For Germany, only two forecasts of diabetes-related costs are available [7]. One reports total annual costs of $30–56 billion in 2030 for type 1 and 2 of diabetes [25]. Due to lacking country-specific input data, an imbalanced ratio of individuals with versus without diabetes, the assumption of constant prevalence over time and the use of oversimplified methods, results may be overestimated. Using a time-discrete Markov model with locally limited data from the KORA (Cooperative Health Research in the Region of Augsburg) survey, Waldeyer et al. [7] projected total annual excess costs attributable to type 2 diabetes of €14,93 to €29.01 billion in 2040, with a baseline scenario yielding about €21 billion. These findings are comparable to our baseline scenario, projecting excess costs of almost €22 billion for type 2 diabetes in 2040.

Implications

We found that the incidence and cost growth rate majorly drive future healthcare costs.
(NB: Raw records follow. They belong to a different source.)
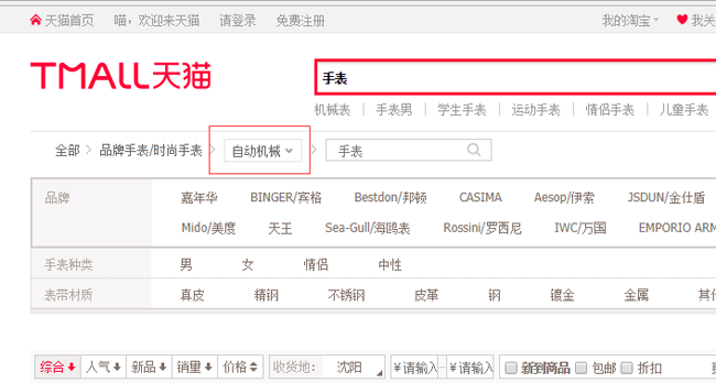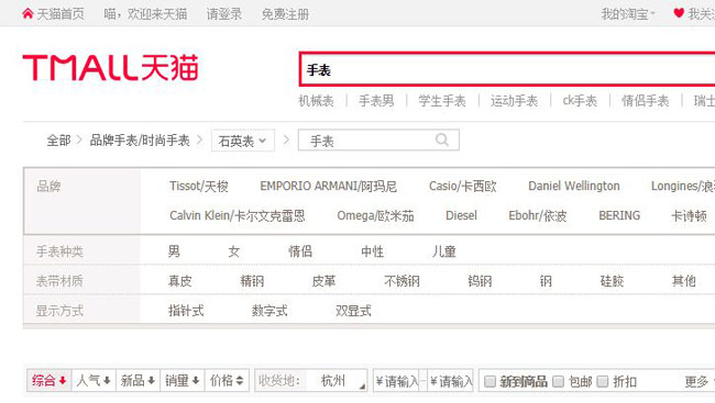 首先,小編想買一只手表,所以去天貓上去搜索了手表,然后朋友告知我石英表時(shí)間比較準(zhǔn),所以選擇了石英表,一級(jí)一級(jí)的點(diǎn)擊肯定很費(fèi)勁,所以天貓用了篩選功能,這樣亦可以控制網(wǎng)站的層級(jí),接下來(lái)通過(guò)一通的賽選,看了很多手表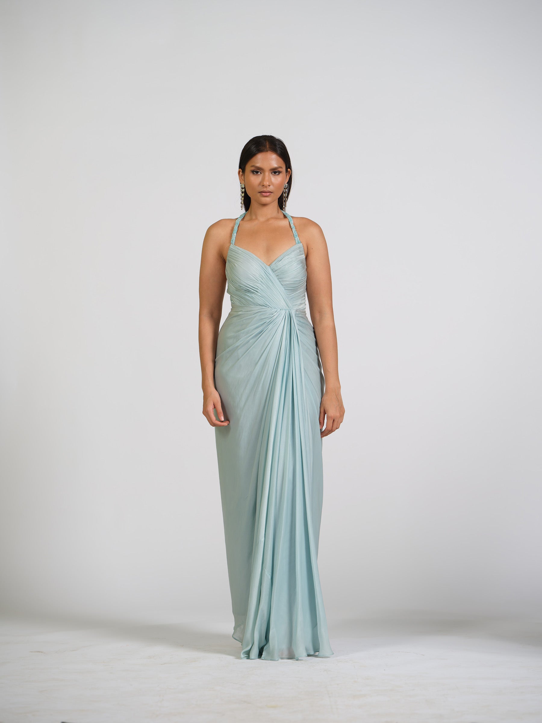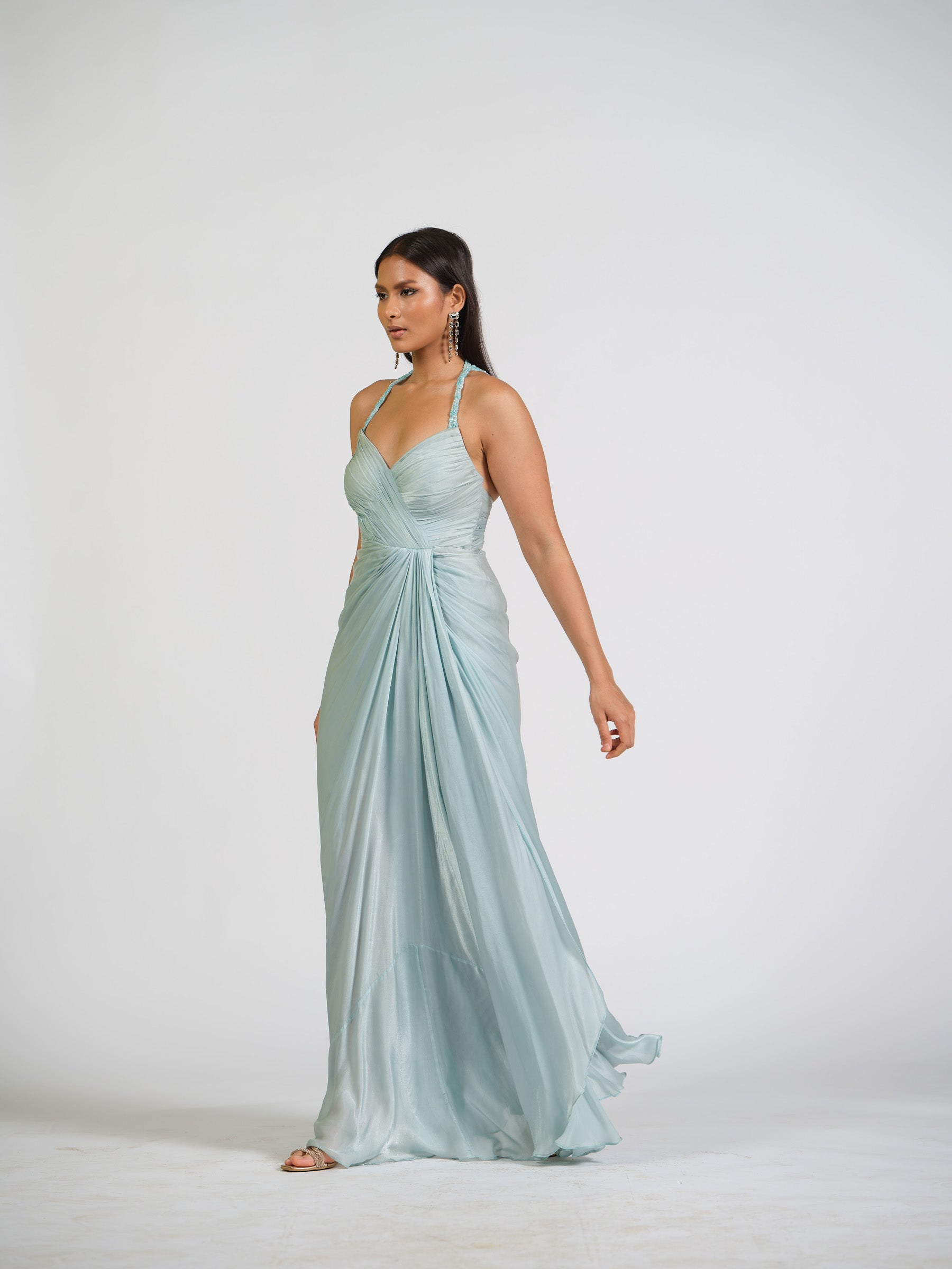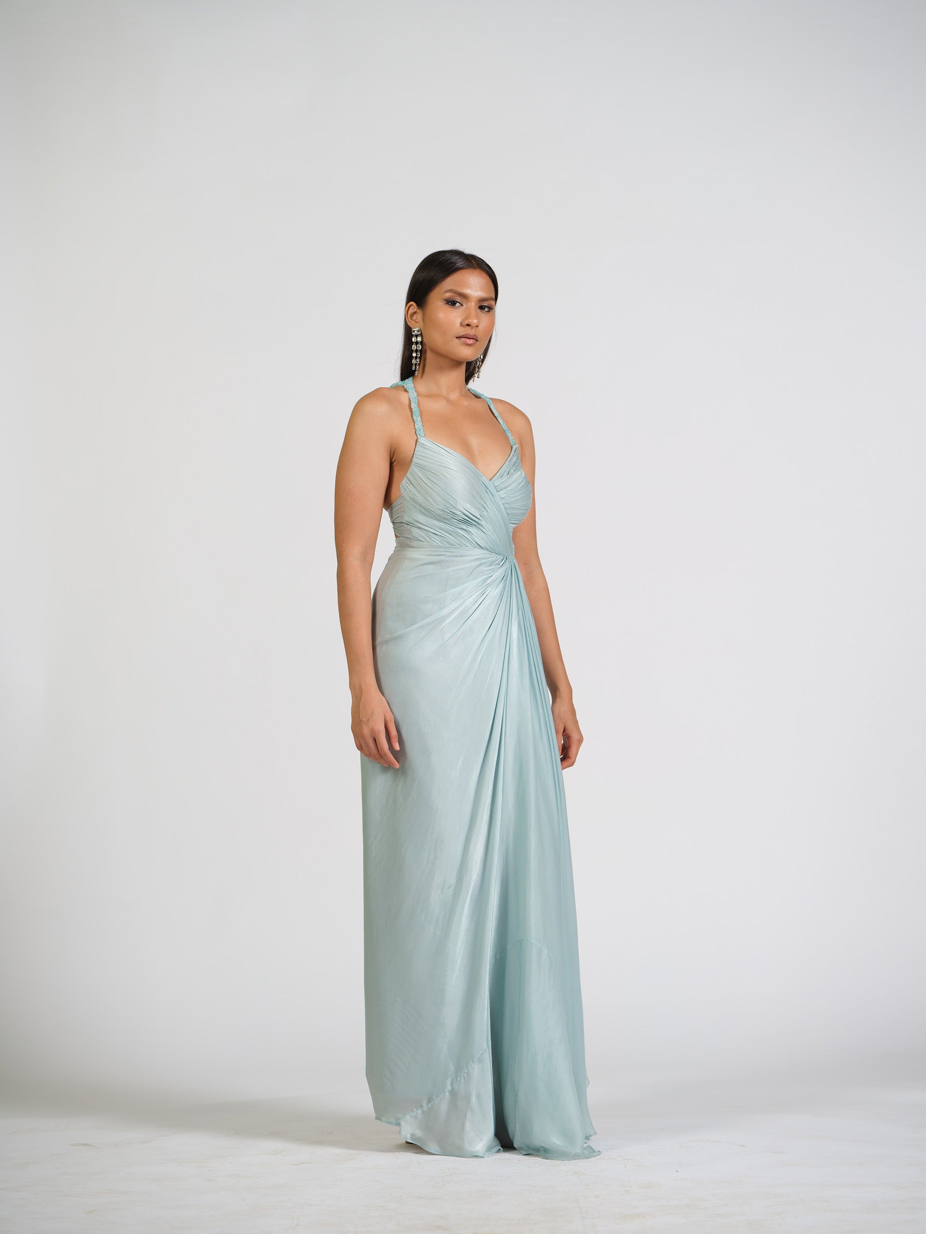 Ice Blue Lure Overlap Drape Gown With Embellished Halter Straps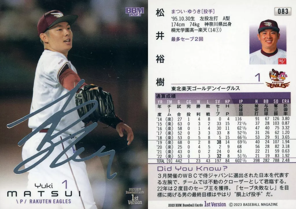 Japanese title: BBM/レギュラーカード/2023 BBM ベースボールカード 1stバージョン 083[レギュラーカード]:松井裕樹(銀箔サイン版)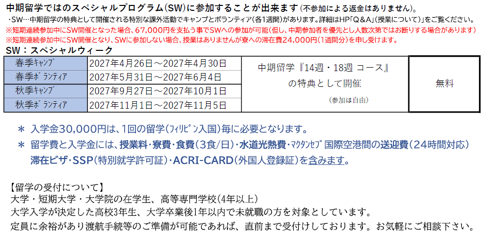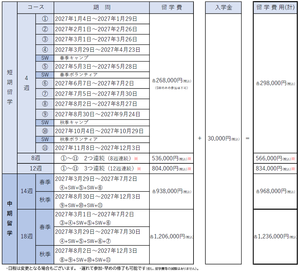 2027年1月以降の留学費はしばらく「未定」と表示させていただいておりましたが、この度以下の通り新価格を決定をさせていただきました。ご理解賜りますようお願い申し上げます。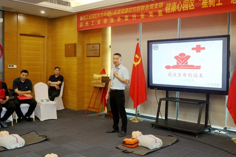 蘇州工業(yè)園區(qū)組織部組織處處長王梓源表示,外賣騎手是新業(yè)態(tài)新就業(yè)群體的典型代表,具有多在戶外行動(dòng)的特點(diǎn),不僅自身可能遭遇外傷,也是開展急救、幫助他人的重要力量。希望通過這次外賣行業(yè)黨委與心血管健康研究院聯(lián)合黨支部的共建活動(dòng),真正賦能新就業(yè)群體,希望各位學(xué)員認(rèn)真學(xué)習(xí),為自救和他救積累了寶貴經(jīng)驗(yàn),為建設(shè)健康心園區(qū)添磚加瓦。

This highlights the importance of population-based prevention and the need for supporting investments and cost policies, for instance in health infrastructure, new medications and technologies such as e-health for increased cost-efficiency.

In Germany, type 2 diabetes accounts for about 95% of all diabetes mellitus cases and in contrast to type 1 diabetes, can be prevented at little expense in the everyday life through cost effective and structured interventions [29]. To reduce the projected diabetes epidemic and its associated costs, the government, healthcare providers and institutions should put efforts to raise awareness and to intervene to prevent the onset of type 2 diabetes. This can be achieved through changing behaviour, norms and structures in order to support healthy living. Although these recommendations include upfront costs to the German government and healthcare system, we feel these investments are necessary.

Conclusion

In summary, type 1 and 2 diabetes pose a notable economic burden to the individuals suffering from the disease, as well as to the German healthcare system, its economy and with that, the whole German population. Projected healthcare costs are highly sensitive to variation in cost growth and the incidence. Our analysis shows that by 2040, diabetes-related costs will probably increase substantially. Economic growth in Germany and subsequent increases in SHI budgets may compensate part of the increase. However, this would require promising developments in the German economy and well-planned financing by the government. To enable this, better and more timely epidemiological and economic diabetes-related data are needed in order to improve forecasting, to advance efforts at public awareness, and to support effective management and coordinated action for preventing and preparing for this development.